**Records shown:**
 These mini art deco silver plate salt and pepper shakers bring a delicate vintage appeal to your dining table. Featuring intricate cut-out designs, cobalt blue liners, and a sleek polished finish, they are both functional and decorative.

--

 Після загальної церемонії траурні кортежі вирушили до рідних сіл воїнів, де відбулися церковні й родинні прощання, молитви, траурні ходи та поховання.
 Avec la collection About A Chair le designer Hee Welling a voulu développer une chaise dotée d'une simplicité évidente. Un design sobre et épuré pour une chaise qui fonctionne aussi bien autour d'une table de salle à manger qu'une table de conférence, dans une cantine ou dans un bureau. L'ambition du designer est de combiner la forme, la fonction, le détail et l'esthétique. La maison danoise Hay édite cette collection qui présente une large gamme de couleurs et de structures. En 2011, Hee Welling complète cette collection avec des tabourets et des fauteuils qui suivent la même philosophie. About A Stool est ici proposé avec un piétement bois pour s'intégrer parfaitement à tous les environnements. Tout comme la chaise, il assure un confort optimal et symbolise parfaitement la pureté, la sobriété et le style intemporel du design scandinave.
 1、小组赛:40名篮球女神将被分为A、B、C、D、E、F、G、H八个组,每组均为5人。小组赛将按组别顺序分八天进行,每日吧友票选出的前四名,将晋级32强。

==

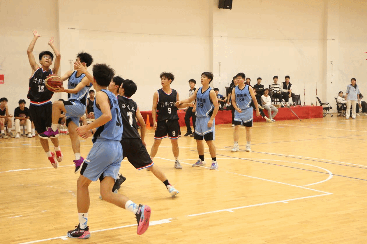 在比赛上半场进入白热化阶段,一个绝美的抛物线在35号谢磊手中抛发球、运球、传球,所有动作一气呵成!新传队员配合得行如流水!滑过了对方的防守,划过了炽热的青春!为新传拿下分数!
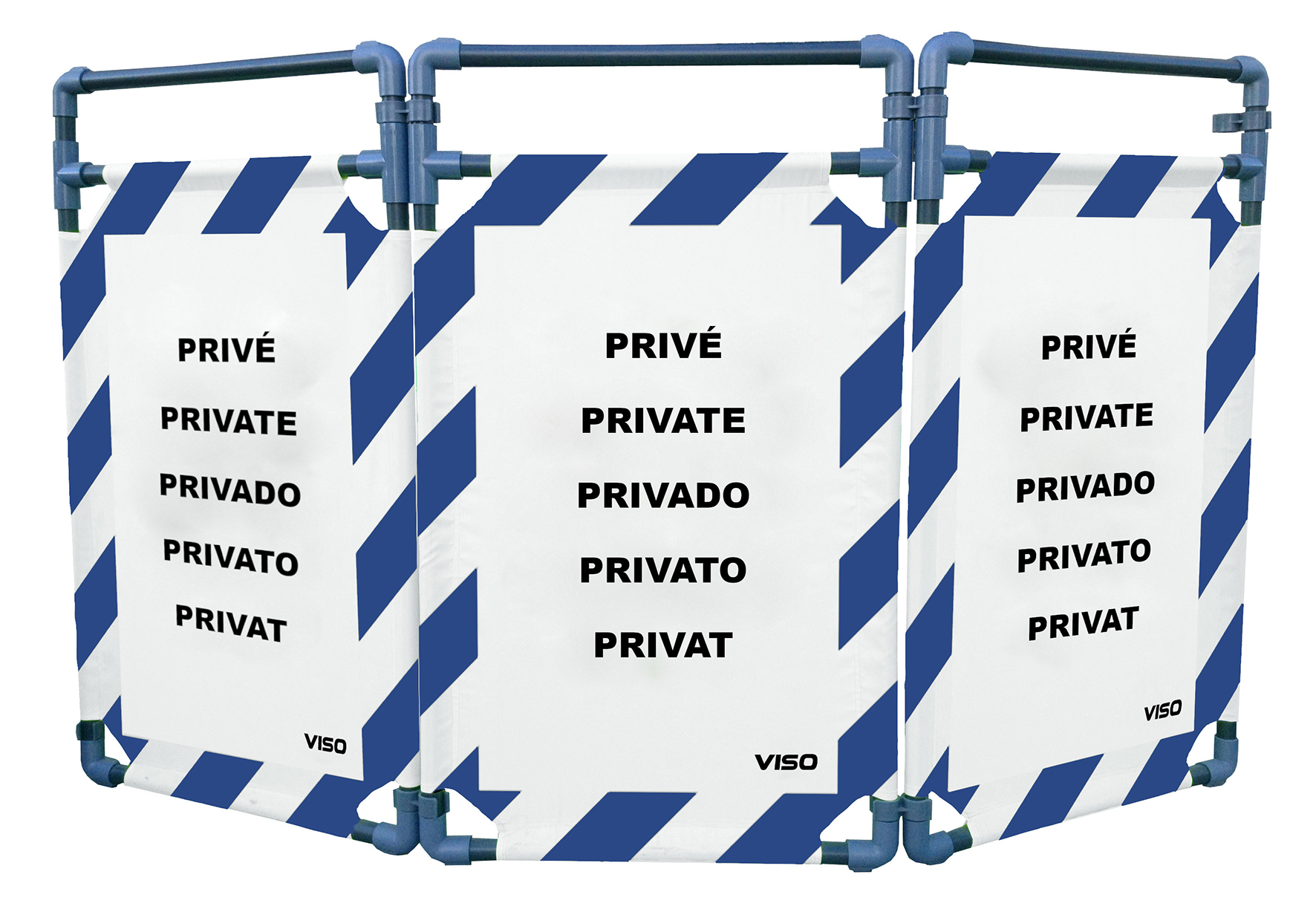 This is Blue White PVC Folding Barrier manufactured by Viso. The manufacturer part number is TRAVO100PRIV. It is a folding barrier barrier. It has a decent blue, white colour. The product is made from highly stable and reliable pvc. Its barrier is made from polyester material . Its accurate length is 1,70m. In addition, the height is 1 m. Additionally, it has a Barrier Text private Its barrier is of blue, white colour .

**Problem statement:**
The required answer is the run of lines above, starting at the line with "Після загальної церемонії" and ending at the line with "1、小组赛:40名篮球女神将", reproduced exactly with both ends.

**Task output:**
 Після загальної церемонії траурні кортежі вирушили до рідних сіл воїнів, де відбулися церковні й родинні прощання, молитви, траурні ходи та поховання.
 Avec la collection About A Chair le designer Hee Welling a voulu développer une chaise dotée d'une simplicité évidente. Un design sobre et épuré pour une chaise qui fonctionne aussi bien autour d'une table de salle à manger qu'une table de conférence, dans une cantine ou dans un bureau. L'ambition du designer est de combiner la forme, la fonction, le détail et l'esthétique. La maison danoise Hay édite cette collection qui présente une large gamme de couleurs et de structures. En 2011, Hee Welling complète cette collection avec des tabourets et des fauteuils qui suivent la même philosophie. About A Stool est ici proposé avec un piétement bois pour s'intégrer parfaitement à tous les environnements. Tout comme la chaise, il assure un confort optimal et symbolise parfaitement la pureté, la sobriété et le style intemporel du design scandinave.
 1、小组赛:40名篮球女神将被分为A、B、C、D、E、F、G、H八个组,每组均为5人。小组赛将按组别顺序分八天进行,每日吧友票选出的前四名,将晋级32强。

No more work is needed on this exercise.